Strap an HR monitor on your chest when you do your next weight lifting routine, have it estimate your calories burned. Spend the same amount of time doing cardio at > 70% of your age predicted HR max. I think you'll find it's not even close.

Of course you said fat loss, and perhaps you'll quibble about how much of the calories burned comes from fat vs. muscle, but I think more people are trying to get to a healthy weight rather than achieve a single digit body fat percentage.


Sure - cardio is more efficient at burning calories than lifting... while you are exercising.

The point is that anaerobic exercise builds muscle, which boosts your basal metabolic rate. Unless you're doing cardio several hours per day, lifting will be much more efficient.

edit: minor word change for clarity.


Even easier than that is just to not eat those calories in the first place.

With resistance training you are not trying to burn calories, you are building muscle. This new muscle will need calories to support itself and will make it easier to lose fat in the future because your body will need more calories to function.


> Strap an HR monitor on your chest when you do your next weight lifting routine

I've done that a few times. Consistently 140-160 BPM, peaking higher, sustained over 40-80 minutes.

My peak during Tabata sets is 180-190 BPM, so lifting isn't quite at that rate, but it's decidedly aerobic, especially for mid-high range sets (5-20 reps).


"I think you'll find it's not even close." Fairly similar for me actually, my heart rate goes pretty high when I'm lifting.

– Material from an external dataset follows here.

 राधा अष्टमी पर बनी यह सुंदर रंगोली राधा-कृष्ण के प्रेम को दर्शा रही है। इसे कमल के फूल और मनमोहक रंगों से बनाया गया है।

When people say healthy weight surely they always mean healthy body fat percentage?


> if you learn the correct form

That's a big if. I don't trust myself to do it properly by myself based off a diagram from the internet. What's my alternative? The evil big box gym and overpriced personal trainer?

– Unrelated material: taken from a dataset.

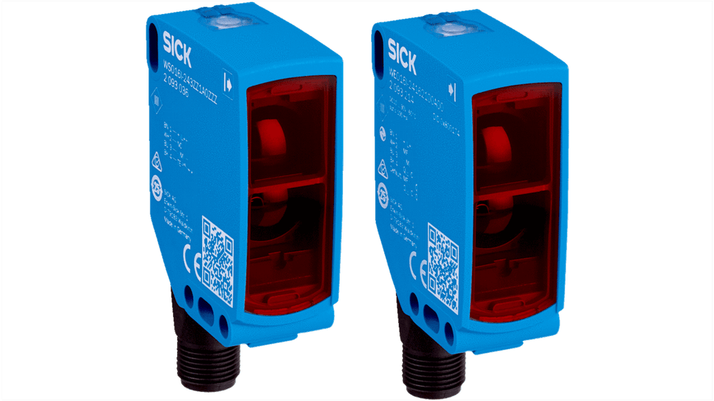 Sensore fotoelettrico rettangolare a fascio diretto, gamma di rilevamento 0 a 45 m, uscita commutazione luce/buio, NPN, PNP, PUSH/PULL, connettore M12 a 4 pin, tensione massima 30V, corrente massima 100 mA, tempo di risposta 0,0005 secondi, grado di protezione IP69, temperatura operativa da -40 a +60 gradi, custodia in plastica, conforme a CE e UL. Modello W16, dotato di tecnologie ClearSens, LineSpot, TwinEye e OptoFilter.

I hope someone builds a computer vision system to provide audio feedback for correct form. I often feel that I have zero self awareness for body position, and it makes me worried to work out alone.


Start with -just- the bar.

Or get Starting Strength, by Mark Rippetoe, which has about 70 pages of instructions and diagrams on the correct form of each lift.

Or find a gym that has a personal trainer willing to teach you the proper form.

Or do it, record yourself with a camera of some sort, and find a community of weightlifting people (/r/fitness welcomes this) to correct your form.


Read starting strength. Its a small, cheap book, and it goes into more detail on form than you will probably need. It has chapters on each of the major lifts and I used to read it on my phone (kindle app) before/during the workout at the gym until I got everything right, using low weights of course.